◆ **Brief**
Transcribe the listing exactly; drop the images.

◆ **Recorded information**
★ ★ ★
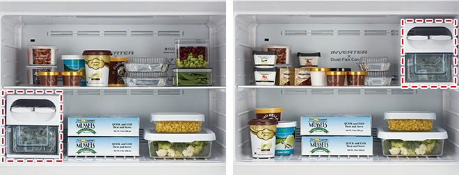 You can move the ice tray or even remove it for more convenient and efficient use of storage space.
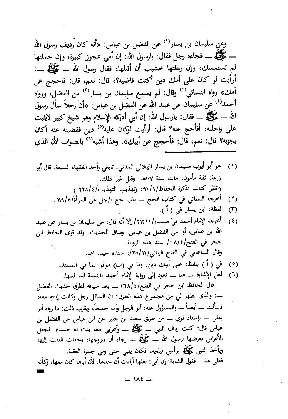 وَعَنْ سُلَيْمَانَ بْنِ يَسَارٍ، عَنِ الْفَضْلِ بْنِ عَبَّاسٍ: («أَنَّهُ كَانَ رَدِيفَ رَسُولِ اللَّهِ - صَلَّى اللَّهُ عَلَيْهِ وَسَلَّمَ - فَجَاءَهُ رَجُلٌ، فَقَالَ: يَا رَسُولَ اللَّهِ، إِنَّ أُمِّي عَجُوزٌ كَبِيرَةٌ، وَإِنْ حَمَلْتُهَا لَمْ تَسْتَمْسِكْ، وَإِنْ رَبَطْتُهَا خَشِيتُ أَنْ أَقْتُلَهَا، فَقَالَ رَسُولُ اللَّهِ - صَلَّى اللَّهُ عَلَيْهِ وَسَلَّمَ -: (أَرَأَيْتَ لَوْ كَانَ عَلَى أُمِّكَ دَيْنٌ أَكُنْتَ قَاضِيَهُ؟ قَالَ: نَعَمْ، قَالَ: فَاحْجُجْ عَنْ أُمِّكَ»). رَوَاهُ النَّسَائِيُّ، وَقَالَ: لَمْ يَسْمَعْ سُلَيْمَانُ بْنُ يَسَارٍ مِنَ الْفَضْلِ، وَرَوَاهُ أَحْمَدُ عَنْ سُلَيْمَانَ، عَنْ عُبَيْدِ اللَّهِ، عَنِ الْفَضْلِ بْنِ عَبَّاسٍ: («أَنَّ رَجُلًا سَأَلَ رَسُولَ اللَّهِ - صَلَّى اللَّهُ عَلَيْهِ وَسَلَّمَ - فَقَالَ: يَا رَسُولَ اللَّهِ، إِنَّ أَبِي أَدْرَكَهُ الْإِسْلَامُ وَهُوَ شَيْخٌ كَبِيرٌ لَا يَثْبُتُ عَلَى رَاحِلَتِهِ، أَفَأَحُجُّ عَنْهُ؟ قَالَ: أَرَأَيْتَ لَوْ كَانَ عَلَيْهِ دَيْنٌ فَقَضَيْتَهُ عَنْهُ أَكَانَ يُجْزِيهِ؟ قَالَ: نَعَمْ، قَالَ: فَاحْجُجْ عَنْ أَبِيكَ»). وَهَذَا أَشْبَهُ بِالصَّوَابِ؛ لِأَنَّ الَّذِي
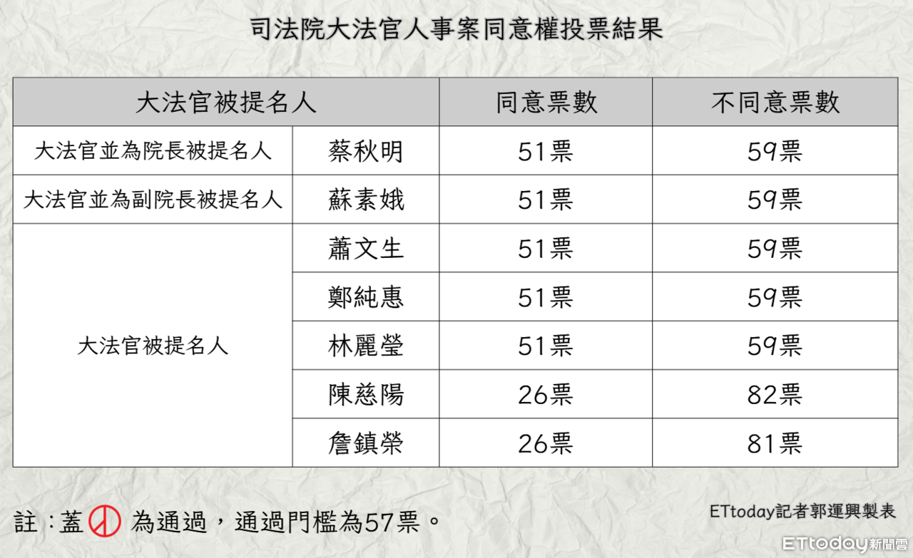▼司法院大法官人事同意權案投票結果。(圖/記者郭運興製圖,點圖放大)
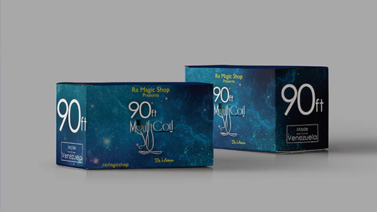 90ft Mouth Coil est une nouvelle génération de bobines buccales, créée par Ra El Mago et Metusen. Chacune mesure 27 mètres de long et est de très haute qualité. 90ft Mouth Coil utilise les principes de l’origami pour permettre une excellente performance lorsque vous tirez la bobine de votre bouche.
★ ★ ★
◆ **Answer to the exercise**
 You can move the ice tray or even remove it for more convenient and efficient use of storage space.
 وَعَنْ سُلَيْمَانَ بْنِ يَسَارٍ، عَنِ الْفَضْلِ بْنِ عَبَّاسٍ: («أَنَّهُ كَانَ رَدِيفَ رَسُولِ اللَّهِ - صَلَّى اللَّهُ عَلَيْهِ وَسَلَّمَ - فَجَاءَهُ رَجُلٌ، فَقَالَ: يَا رَسُولَ اللَّهِ، إِنَّ أُمِّي عَجُوزٌ كَبِيرَةٌ، وَإِنْ حَمَلْتُهَا لَمْ تَسْتَمْسِكْ، وَإِنْ رَبَطْتُهَا خَشِيتُ أَنْ أَقْتُلَهَا، فَقَالَ رَسُولُ اللَّهِ - صَلَّى اللَّهُ عَلَيْهِ وَسَلَّمَ -: (أَرَأَيْتَ لَوْ كَانَ عَلَى أُمِّكَ دَيْنٌ أَكُنْتَ قَاضِيَهُ؟ قَالَ: نَعَمْ، قَالَ: فَاحْجُجْ عَنْ أُمِّكَ»). رَوَاهُ النَّسَائِيُّ، وَقَالَ: لَمْ يَسْمَعْ سُلَيْمَانُ بْنُ يَسَارٍ مِنَ الْفَضْلِ، وَرَوَاهُ أَحْمَدُ عَنْ سُلَيْمَانَ، عَنْ عُبَيْدِ اللَّهِ، عَنِ الْفَضْلِ بْنِ عَبَّاسٍ: («أَنَّ رَجُلًا سَأَلَ رَسُولَ اللَّهِ - صَلَّى اللَّهُ عَلَيْهِ وَسَلَّمَ - فَقَالَ: يَا رَسُولَ اللَّهِ، إِنَّ أَبِي أَدْرَكَهُ الْإِسْلَامُ وَهُوَ شَيْخٌ كَبِيرٌ لَا يَثْبُتُ عَلَى رَاحِلَتِهِ، أَفَأَحُجُّ عَنْهُ؟ قَالَ: أَرَأَيْتَ لَوْ كَانَ عَلَيْهِ دَيْنٌ فَقَضَيْتَهُ عَنْهُ أَكَانَ يُجْزِيهِ؟ قَالَ: نَعَمْ، قَالَ: فَاحْجُجْ عَنْ أَبِيكَ»). وَهَذَا أَشْبَهُ بِالصَّوَابِ؛ لِأَنَّ الَّذِي
▼司法院大法官人事同意權案投票結果。(圖/記者郭運興製圖,點圖放大)
 90ft Mouth Coil est une nouvelle génération de bobines buccales, créée par Ra El Mago et Metusen. Chacune mesure 27 mètres de long et est de très haute qualité. 90ft Mouth Coil utilise les principes de l’origami pour permettre une excellente performance lorsque vous tirez la bobine de votre bouche.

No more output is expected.